Regimes: An Auditable, Held-Out-Gated Improvement Loop Demonstrated on LongMemEval with ActiveGraph

Regimes：一种基于 ActiveGraph 在 LongMemEval 上演示的可审计、留出验证门控改进循环

Abstract: Autonomous improvement loops are hard to trust because the improvement process is usually external scaffolding bolted onto the agent: failures go unlogged, diagnoses cannot be replayed, and promote-or-discard decisions land in a side database rather than the agent’s own history.

摘要： 自主改进循环往往难以获得信任，因为改进过程通常是附加在智能体外部的脚手架：故障未被记录，诊断过程无法重现，且“提升或丢弃”的决策往往存储在侧边数据库中，而非智能体自身的历史记录里。

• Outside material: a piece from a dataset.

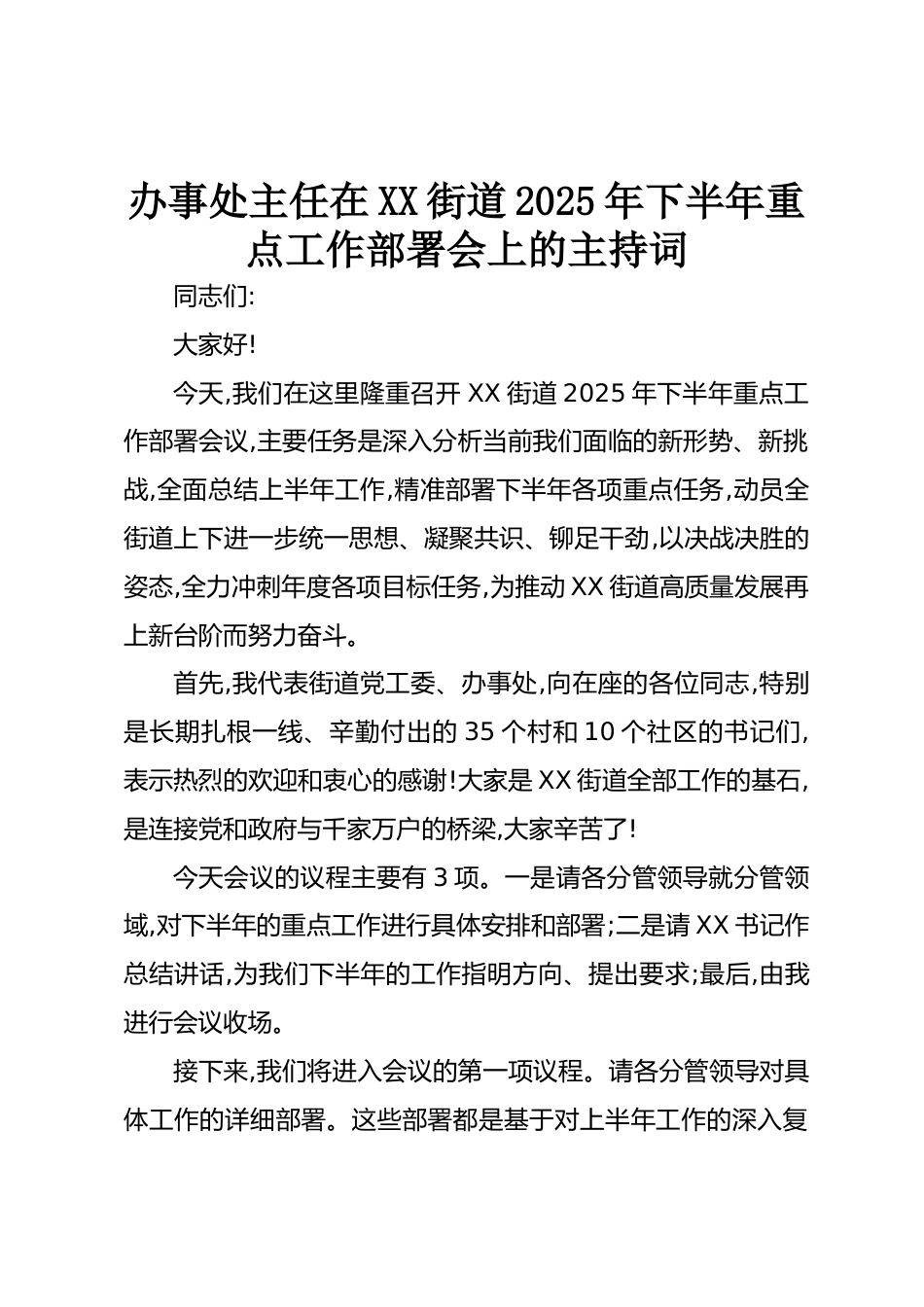 辦事處主任在XX街道2025年下半年重點工作部署會上的主持詞VIP免費

We show that an event-sourced agent runtime removes that friction and turns controlled improvement into a first-class workflow. When the agent’s state is a deterministic projection of an append-only event log, failures are recorded, a run replays exactly from its log, candidate patches scope to typed pipeline seams, gates are auditable, and every promotion or discard is itself an event.

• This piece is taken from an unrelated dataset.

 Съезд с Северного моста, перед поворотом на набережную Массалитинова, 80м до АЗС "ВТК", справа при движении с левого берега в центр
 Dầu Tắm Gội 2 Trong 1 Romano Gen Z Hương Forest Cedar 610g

我们展示了一种基于事件溯源（event-sourced）的智能体运行时，它消除了这种阻碍，并将受控改进转化为一种一等工作流。当智能体的状态是仅追加事件日志的确定性投影时，故障会被记录，运行过程可根据日志精确重放，候选补丁被限定在类型化的流水线接口中，门控机制可审计，且每一次提升或丢弃操作本身也成为一个事件。

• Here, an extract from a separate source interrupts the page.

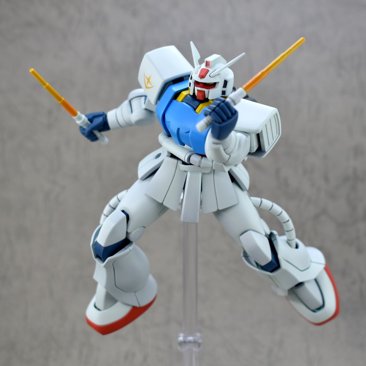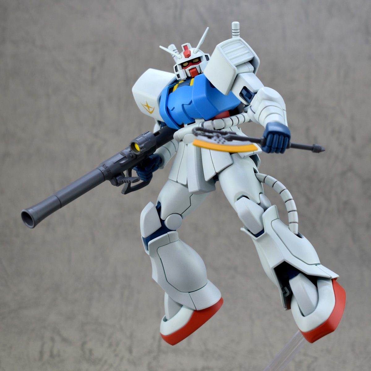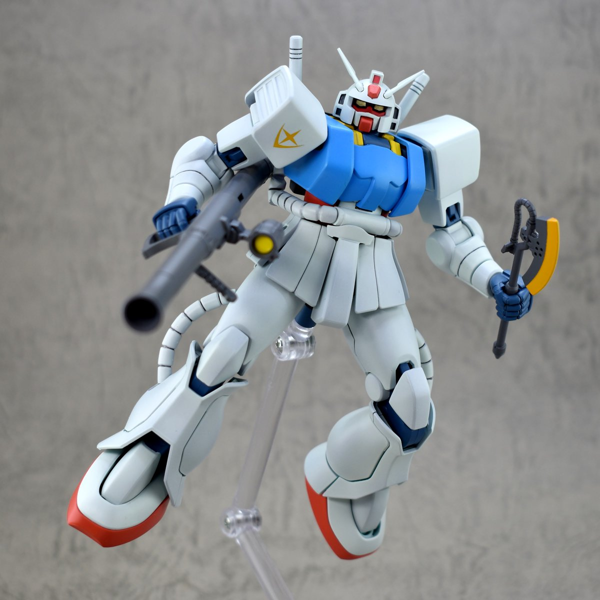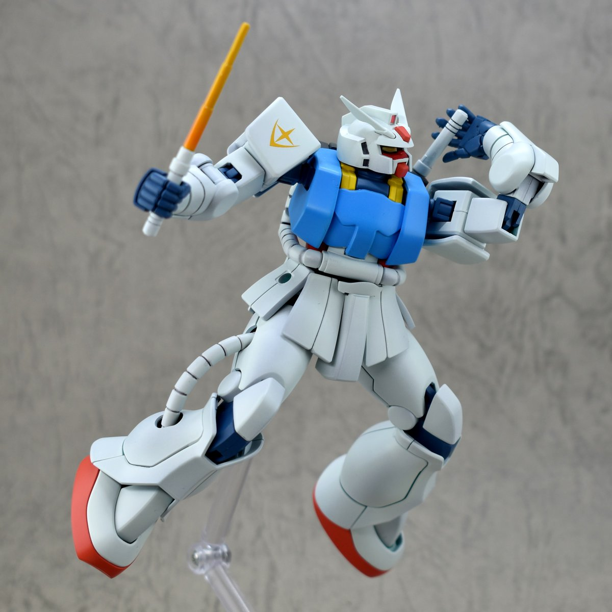 造型上,他將原本薩克的顏色塗裝成初代鋼彈的配色,他用 3D 列印重做了頭部和肩甲,替換成鋼彈的頭,肩甲上也印上聯邦軍的標誌,且考慮到薩克本身沒辦法用光束武器,他還特別做了一根「會變燙的伸縮棒,類似警棍」來代替光束軍刀,雖然只是造型上像,但也有考究應有的設定。

We demonstrate this with Regimes, a loop on the ActiveGraph runtime that diagnoses failed evaluations, proposes a repair at a pipeline point, and promotes it only after static checks, sandbox execution, in-sample evaluation, and held-out validation. The loop is target-agnostic: the same control flow runs against different tasks through a common interface.

我们通过 Regimes 演示了这一点，这是一个运行在 ActiveGraph 上的循环系统，它能诊断失败的评估，在流水线节点提出修复方案，并仅在通过静态检查、沙盒执行、样本内评估和留出验证（held-out validation）后才进行提升。该循环与目标无关：相同的控制流通过通用接口运行在不同的任务上。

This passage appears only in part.